Hi everyone! Now that we're wrapping up allowing packwerk to be extended, let's continue the discussion from Shopify/packwerk#219 on what changes we want to make to the privacy checking functionality. I'd love to help ensure we continue to support the community, so please share any and all concerns about the following changes and we can discuss how to address them.

Here are some changes that I think might be valuable. Please share any feedback about this as well as any ideas you have that are not listed here!

Breaking Changes

Invert violations in package_todo.yml files (formerly known as deprecated_references.yml flies)

Right now package_todo.yml files show OUTBOUND privacy violations. After using privacy checking extensively at Gusto, we've found it feels a lot more sensible for package_todo.yml files to show INBOUND privacy violations. We've found that addressing privacy violations on a package is the responsibility of the publishing package, not the consuming package (who is a client of the publishing package and should not be responsible for shaping the public API of a different system). We believe this will better orient incentives and tell a better story (namely – to improve a package, you only need to look at its own package_todo.yml file.

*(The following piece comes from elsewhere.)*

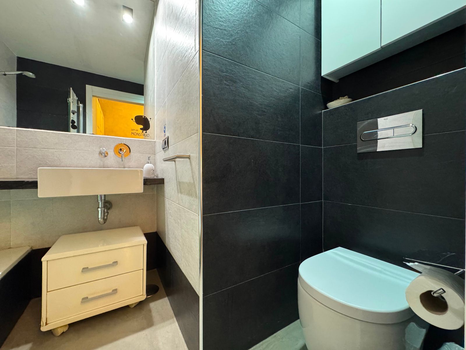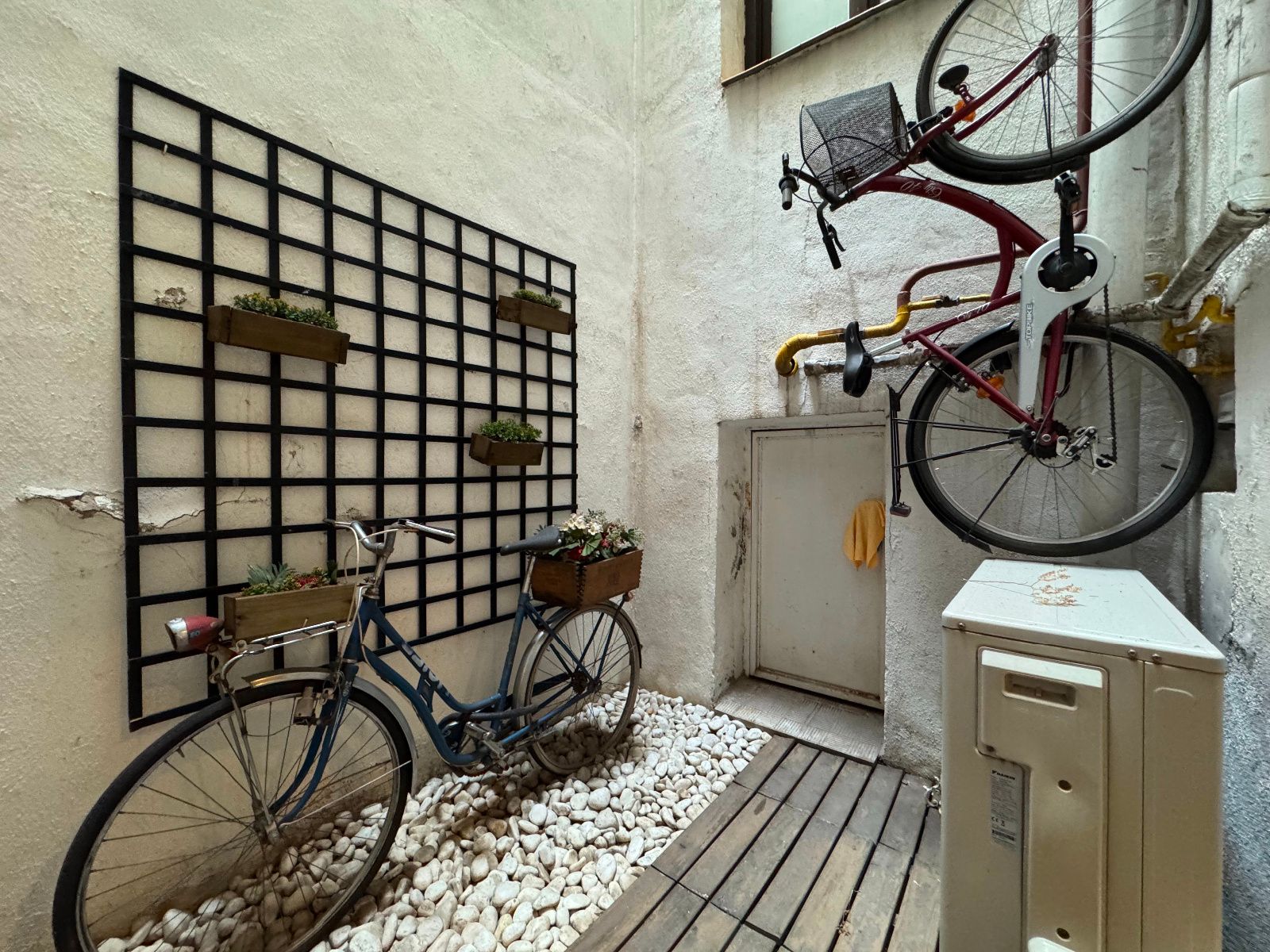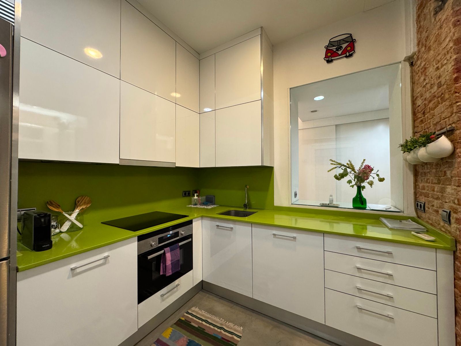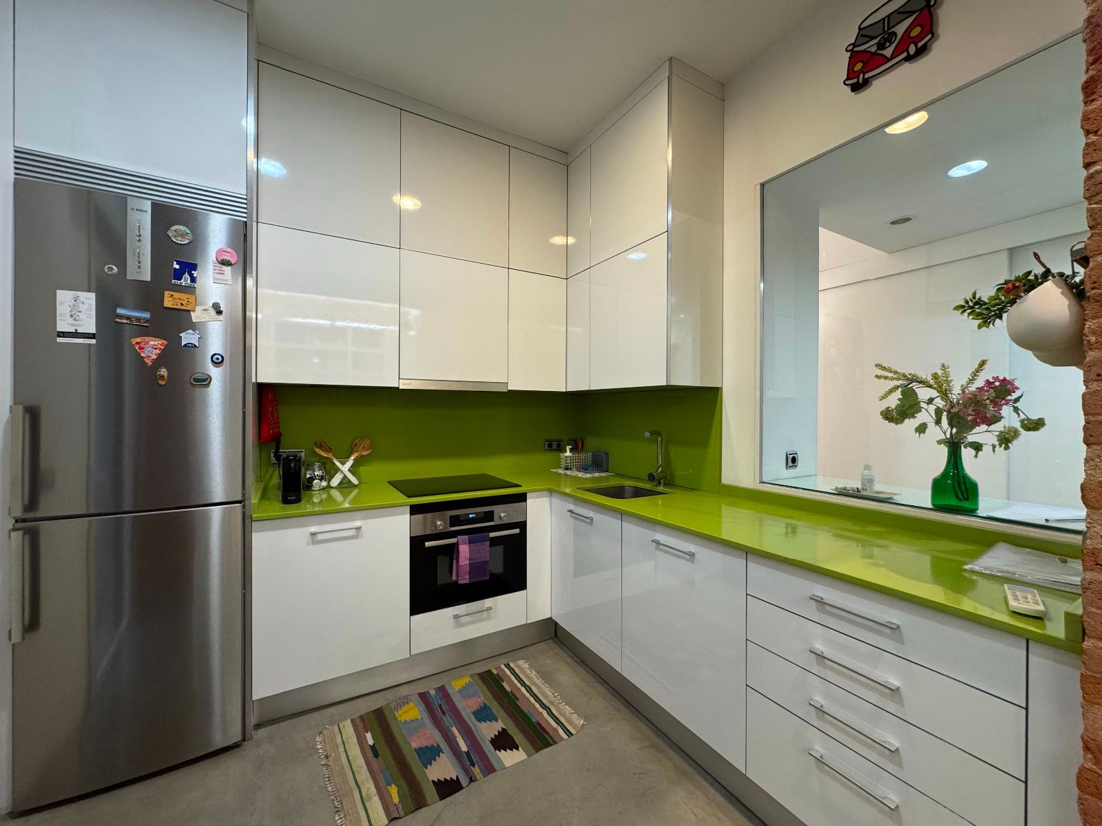 La vivienda, completamente amueblada y equipada, cuenta con dos habitaciones, salón-comedor, cocina independiente, baño completo, aseo y un patio interior de uso privativo. Se trata de un bajo muy luminoso gracias a sus grandes ventanales a distintos patios, que permiten la entrada de luz natural y una ventilación cruzada ideal. Todo el perímetro está perfectamente aislado, lo que garantiza tranquilidad en pleno centro. Reformada recientemente con un estilo moderno y cuidado, destaca por sus acabados en microcemento, paredes de ladrillo visto y cocina panelada con electrodomésticos de primeras marcas. Tiene calefacción por suelo radiante (gas natural) y aire acondicionado. El dormitorio principal incluye cama doble y baño en suite. El segundo dormitorio cuenta con cama nido (dos individuales) y armarios amplios. El salón es amplio, con sofá esquinero hecho a medida, estantería y espacio para relajarse o trabajar desde casa. La cocina está totalmente equipada y conecta con un acogedor patio interior. Se entrega con todo el menaje necesario para entrar a vivir.

I believe this may be blocked on upstream changes into packwerk to allow checkers to have more control over where violations show up, but I want to gather feedback before pursuing that.

Remove the "enforce privacy for specific constants" feature

At Gusto, we do not use this feature because we find it a lot more valuable to think about packages as private by default rather than public by default. Using this features establishes a public by default mentality, since everything is public except for the listed constants. I believe that a focus on public by default as the golden path moving forward would allow us to remove some extra complexity, but I want to check in with folks if they're using this feature and find it valuable.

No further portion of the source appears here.